With a lot of testing, I was able to finally find the settings that made the CPU overclock stable. It took a lot of work, to be honest, and I came across some weird issues with the BIOS of my ASRock Z68 Extreme4 motherboard during that testing.
 
The biggest issue was that the settings that I set in the bios being not saved when I told it to save and exit. I even misjudged it as a corrupted Windows installation once and almost reinstalled Windows. Luckily, I got a BSOD while booting into the setup and I knew something else was at work. I had set 4.8GHz in bios, which was not stable, and even when I set it to 4.7GHz, it remained at 4.8GHz. However, resetting the BIOS using the Clear CMOS button on the back panel worked.
 
Yesterday I was reading some forum posts about Haswell overclocking and I wanted to check how my CPU compared with the 4770K. When I ran Cinebench on my PC, I only managed to score 8.30 points. That's a pretty low score for a 2600K @4.5GHz. I ran it again and I got the same score.

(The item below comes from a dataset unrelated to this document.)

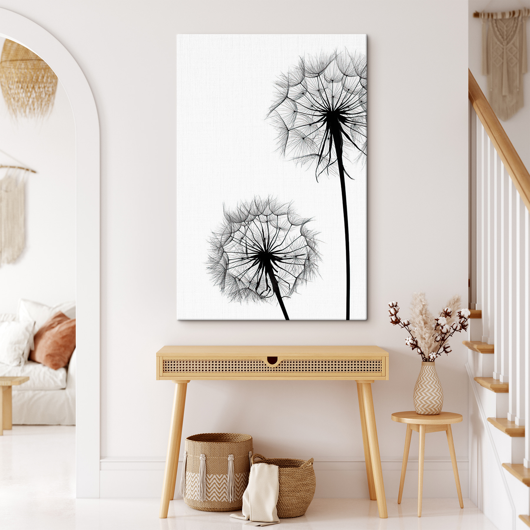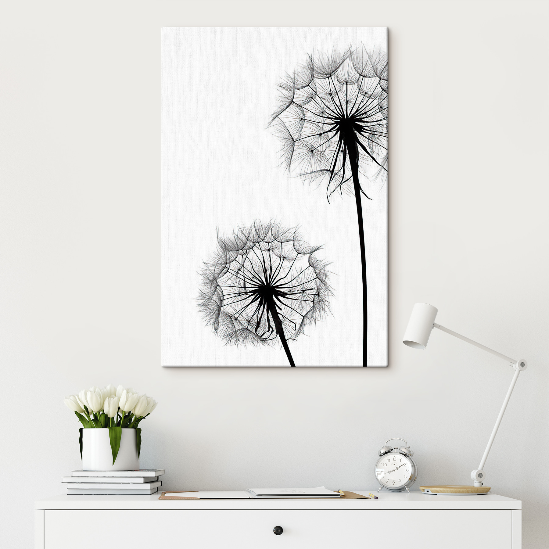 Odmień każdą przestrzeń dzięki temu czarującemu drukowi na płótnie przedstawiającemu sylwetki mniszka lekarskiego wdzięcznie tańczące na wietrze. To urocze połączenie prostoty i elegancji, które sprawia, że z łatwością wpasuje się w każde pomieszczenie. Wyobraź sobie ten urzekający kawałek wiszący w przytulnym kąciku do czytania lub nad spokojnym łóżkiem – urocze, prawda? Każdy mniszek lekarski wydaje się opowiadać historię, jakby dzielił się życzeniami od delikatnej bryzy. Ta grafika wywołuje poczucie spokoju i kaprysu, inspirując marzenia i nostalgiczne chwile. Idealny do dodania odrobiny natury bez konieczności posiadania zielonego kciuka!

I felt something was not right, so this time I ran it with CPU-Z running by the side. I could see what was wrong. The CPU multiplier would drop to 44x and even 42x during the test.
 
So I went into bios and I found out that the settings had been reset to the defaults on the overclocking section! But I didn't understand how it ran at 45x multi in the first place because according to what was shown on bios, it should have run at 34x. Weird! What actually caused the multiplier to throttle was TDP limit which was reset to 95W.
 
So I loaded the overclocking profile I had saved for 4.5GHz and checked Cinebench again. This time I got a score of 8.72 which is about right.
 
Now, I wanted to play with the RAM timings because I was running them at SPD timings (i.e. 9/9/9/24 2T). I set it to 9/8/8/20 1T and booted back to Windows. When I checked the timings on CPU-Z, it still showed me the SPD timings. I tried several times to set the timings in bios but nothing worked. So I cleared CMOS settings again. The first time it booted to UEFI environment, it was unusable. The mouse movement wasn't smooth. The display was like a slide-show. It felt as if running Crysis 3 on decade old hardware. (But you cannot so that even if you want to because Crysis 3 needs DX11)
 
So I cleared the CMOS settings again. This time it worked and when I set the RAM timings as 9/8/8/20 1T, CPU-Z could see them. I don't know if those settings are stable though. I know for a fact that I cannot run these RAM at CL8.
 
Anyways, I don't know if the mobo is dying or if the cause was something else. I've seen some people say that pressing the Clear CMOS button alone is not enough; you need to remove the battery and put it back after few minutes. I will try that too. If it doesn't fix it, I will have to make a decision. I wonder if it has some warranty left. I've had the motherboard for 2 years now.